At this level, one obtains supersymmetric AdS4 vacua. Semirealistic dS4 vacua may be obtained by adding anti-D3-branes, but Susanne et al. do not deal with these issues.

**Nonperturbative superpotential: generated or not?**

One of the interesting yet controversial points was their usage of the non-perturbative terms in the superpotential to modify the Dirac equations for the fermionic zero modes. Recall that D3-brane instantons wrapped on holomorphic 4-cycles - or, in a dual M-theoretical description, M5-brane instantons wrapped on some six-cycles - modify dynamics as nonperturbative effects.

But they only contribute to the superpotential W if you can find exactly two fermionic zero modes - let's say zero modes of the goldstino or the modulino - which means two solutions of the massless Dirac equation defined on the worldvolume of the D3-brane or M5-brane instanton. This is typically the case if you start with a vacuum that is supersymmetric at the tree level. Such a condition of supersymmetry requires that the 4-form d=11 field strength is of the type (2,2).

However, funny things happen. If you now accept that this instanton exists, you will generate a new term in the superpotential, W_{np}. When you solve the new equations of motion that include W_{np}, you will see that it is no longer true that the four-form is of the type (2,2). Other four-forms appear, too. The appearance of other components of the 4-form field strength than (2,2) modifies the Dirac equation for the fermionic zero modes; in fact you find out that all the zero modes are lifted. What does it mean? It means that the instanton does not generate a superpotential. That contradicts the assumptions that started this paragraph.

What does this contradiction mean? According to some people, it just means that the instanton calculation was done incorrectly. The non-perturbative corrections to the equations of motion arising from an instanton XY should not be included when you calculate the instanton XY itself. That would be like pushing a cart in front of the horse, and indeed, a colleague of mine claims that this is what our German friends are doing.

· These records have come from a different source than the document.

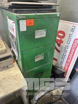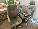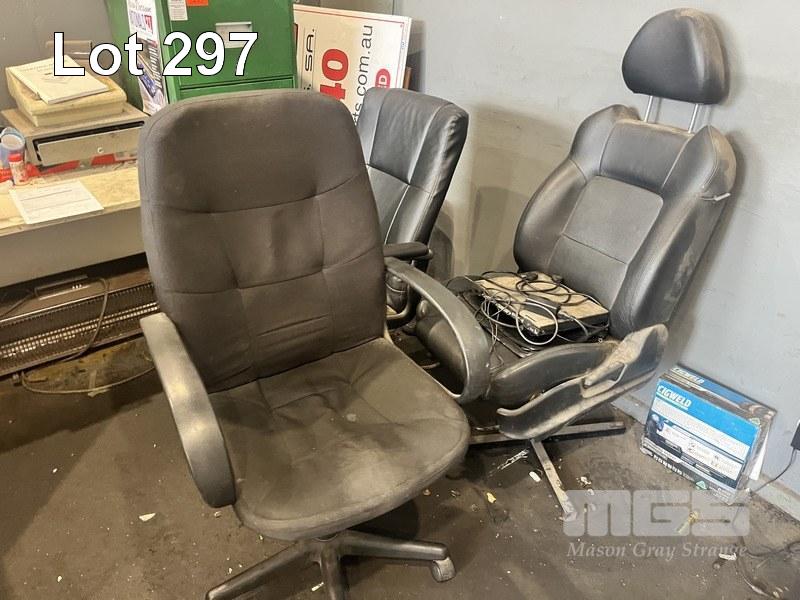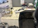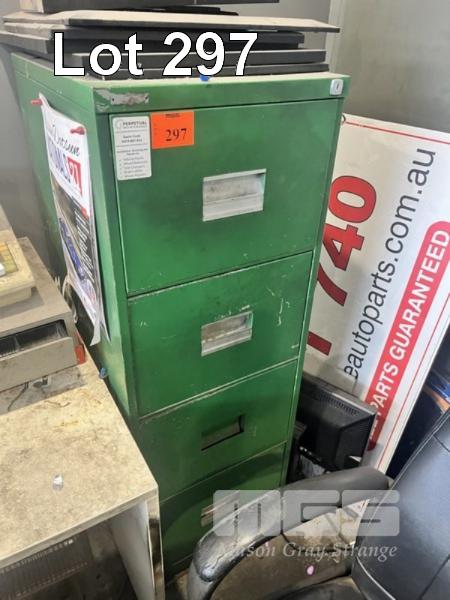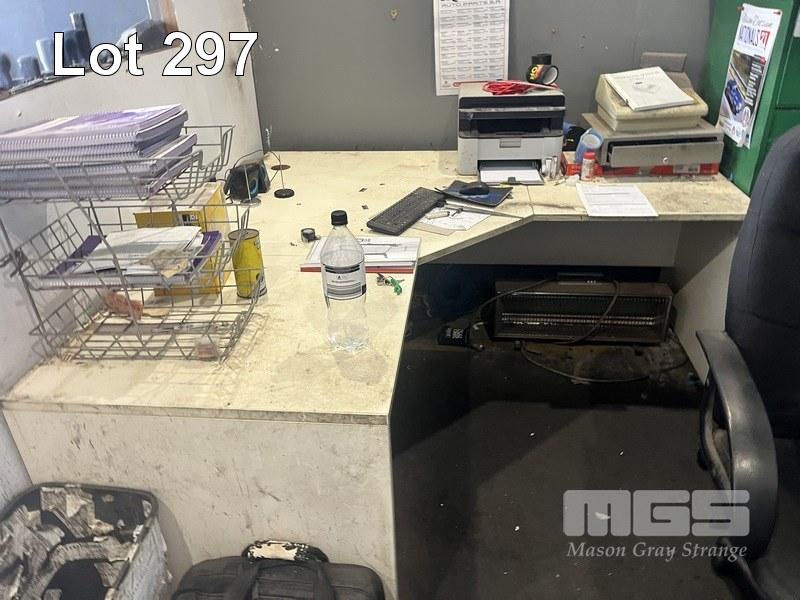 OFFICE FURNITURE INCLUDING FILING CABINET, FRAMES, 3 x CHAIRS, DESK, STOOL, FRONT COUNTER & 2 x BAYS SHELVING
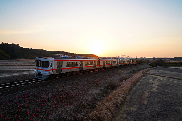 ●冬の朝、朝陽を浴びながら田園地帯を駆け抜け、亀山駅に向かう「キハ25形」4両編成。
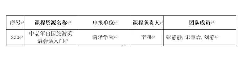 2023年1月,山东省教育厅公示了2022年度山东省社区教育优秀课程资源遴选结果,由我院李莉老师主持的《中老年出国旅游英语会话入门》课程成功入选。

**Superpotential survives**

According to Susanne and her collaborators, the contradiction is resolved if one also modifies the supersymmetry variations by a term corresponding to W_{np}. A happy end is that their conclusion seems to be that there are two fermionic zero modes after all, and an agreement with the papers by Saulina and another paper by Kallosh et al. is achieved. But the exact assessment of the steps that lead to the conclusion remains a source of some slight controversy.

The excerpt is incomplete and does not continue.